I wonder whether the compiler just cannot derive that one of the if branches will be taken, or whether there is a loophole that still allows me to pass in a compatible object that does not match any of the two if branches.

Answer 1

This is a design limitation in TypeScript. You, reasonably, expect that exhaustiveness checking will make the compiler realize that the code after the last if statement is unreachable. But this doesn't happen, and it doesn't look like they are planning to address that anytime soon.

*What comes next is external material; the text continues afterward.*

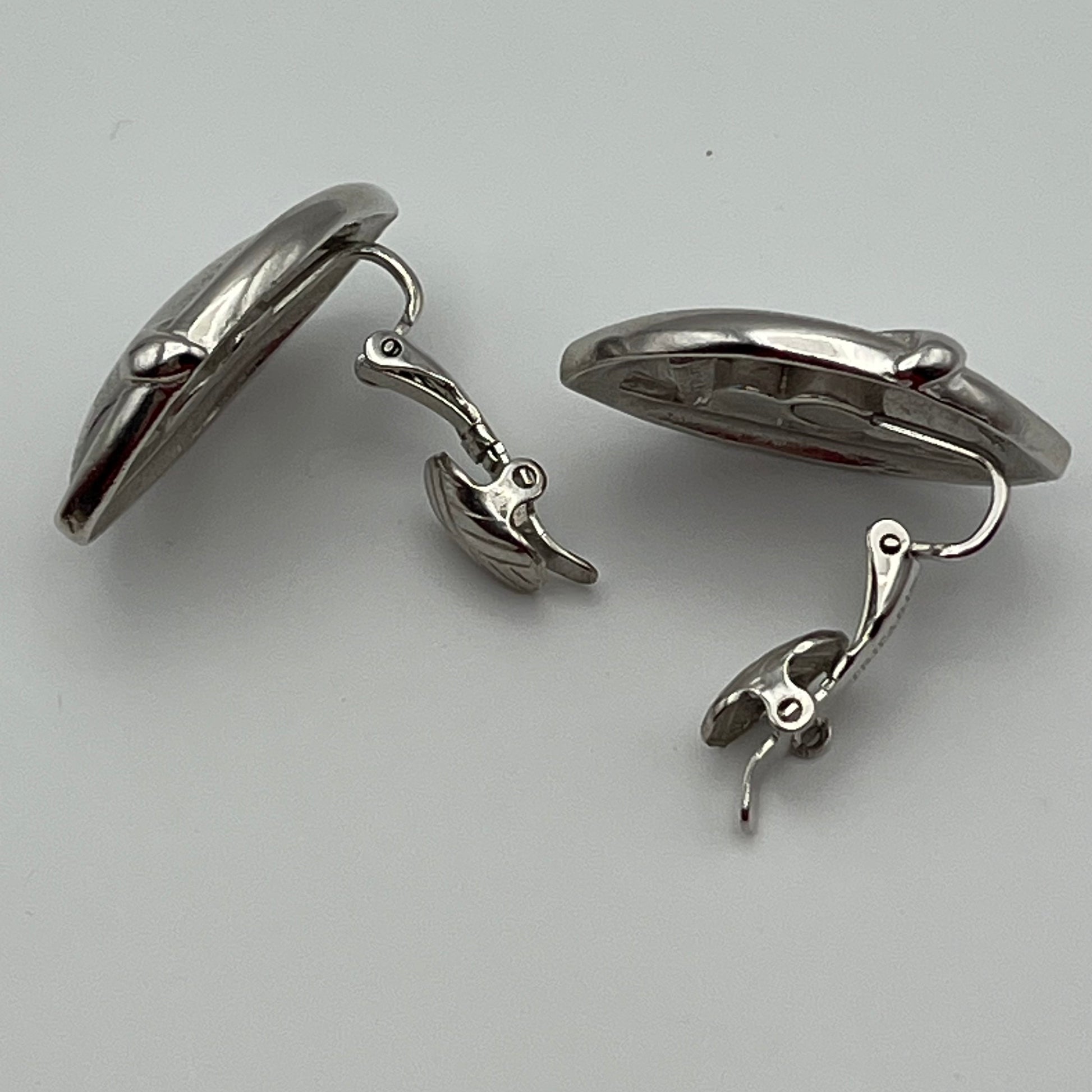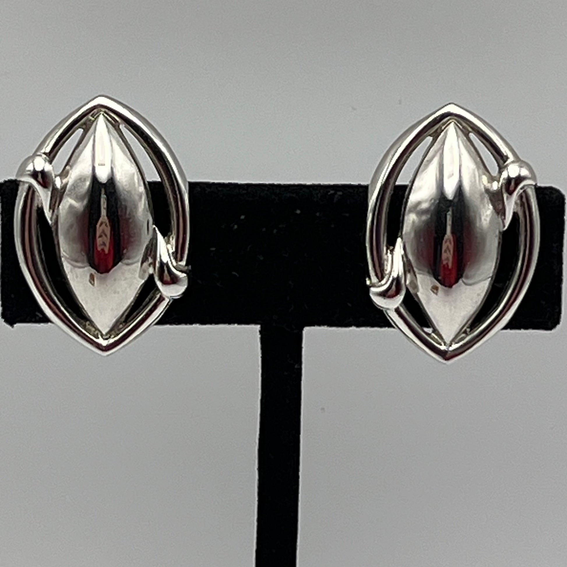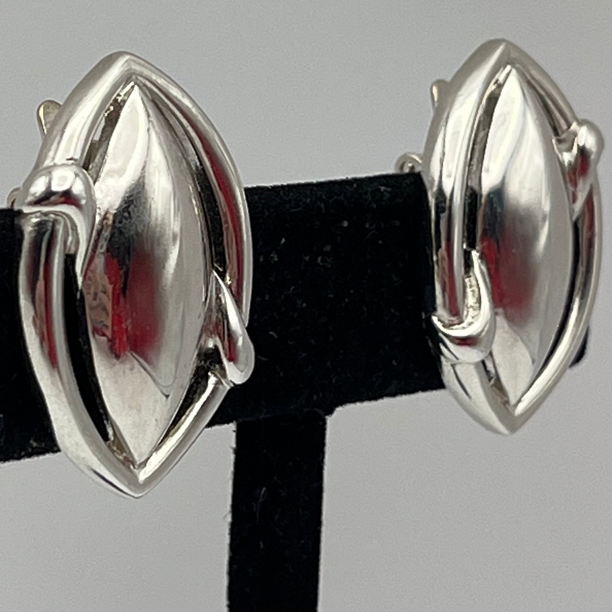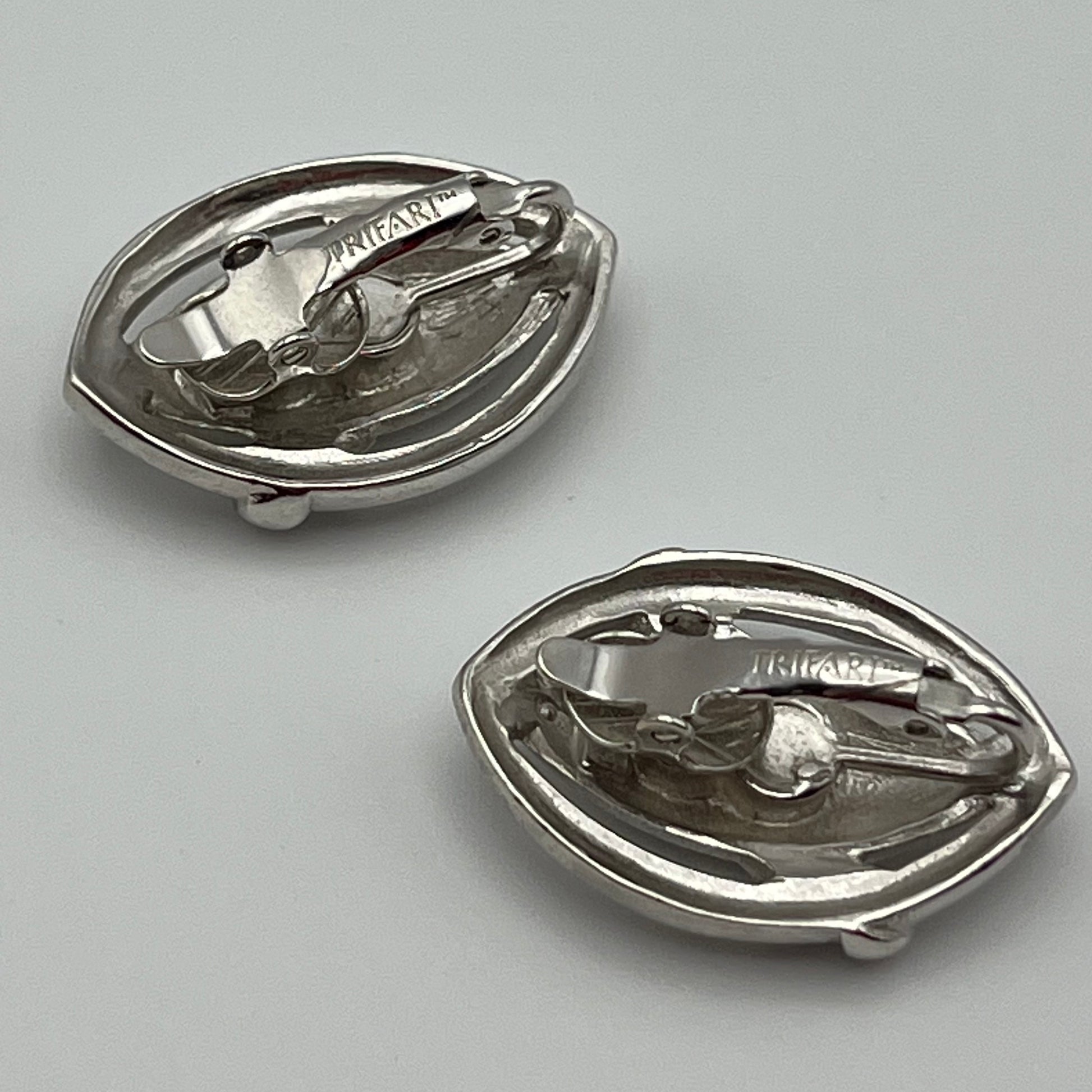 These unique clip-on earrings are by Trifari. The earrings feature an open-work, polished silver-tone leaf framing a smaller silver-tone leaf shape. There are two small leaves that overlap the frame. The earrings are signed TRIFARI TM on the clips. They measure approximately 1¼” H x ¾” W and are in excellent vintage condition.

Let's see what we can do about it ourselves. In the following code:

class X { a: string = "a" }
class Y { b: number = 1 }

// does not compile
function what(v: X | Y): string {
  if (v instanceof X) {
    return "its an X";
  }
  v // Y
  if (v instanceof Y) {
    return "its a Y";
  }
  v // never
}

the compiler does in fact narrow the type of v as you pass over those return statements... it complains, but not because it thinks v might still be an X or a Y when you fall off the bottom of the function. It complains because it analyzes code paths in isolation from the narrowing of v, so it sees a code path which implicitly returns undefined at the end. The only way to fix this is to make sure there's a return or throw in all code paths.

Note again that v is first narrowed to Y and then to never. One way you can fix the error is to take advantage of the narrowing to Y, and do a return there instead of a second if test:

function what(v: X | Y): string {
  if (v instanceof X) {
    return "its an X";
  }
  v // Y
  return "its a Y";
}

Now there's no error. If you trust your instanceof X check, this is probably the way to go. The other standard way to go here is to use an exhaustiveness checking helper function assertNever():

function assertNever(x: never): never {
  throw new Error("OH NOES!!");
}

The assertNever() function throws an error if you call it, so it returns never. But it requires its parameter to be of type never, so calling it should be a compiler error unless the code is unreachable:

function what(v: X | Y): string {
  if (v instanceof X) {
    return "its an X";
  }
  v // Y
  if (v instanceof Y) {
    return "its a Y";
  }
  v // never
  return assertNever(v);
}

Now what() is known to return string | never instead of string | undefined. And string | never is just string. And you can see how it functions as an exhaustiveness check, since it throws an error if you don't narrow v to never:

function oops(v: X | Y): string {
  if (v instanceof X) {
    return "its an X";
  }
  return assertNever(v); // error, v is Y, not never
}

Okay, hope those help. Good luck!

Answer 2

I know a different version working with interfaces and tagged union. And this version compile correctly with all code path returning a value.

interface IX {kind: "a"; a: string }
interface IY {kind: "b"; b: number }

function what2(v: IX|IY): string {
    switch (v.kind) { 
        case "a":
         return "its an X";
         case "b":
         return "its an Y";
    }
}

var r1 = what2({kind: "a", a: "hello"});
var r2 = what2({kind: "b", b: 33});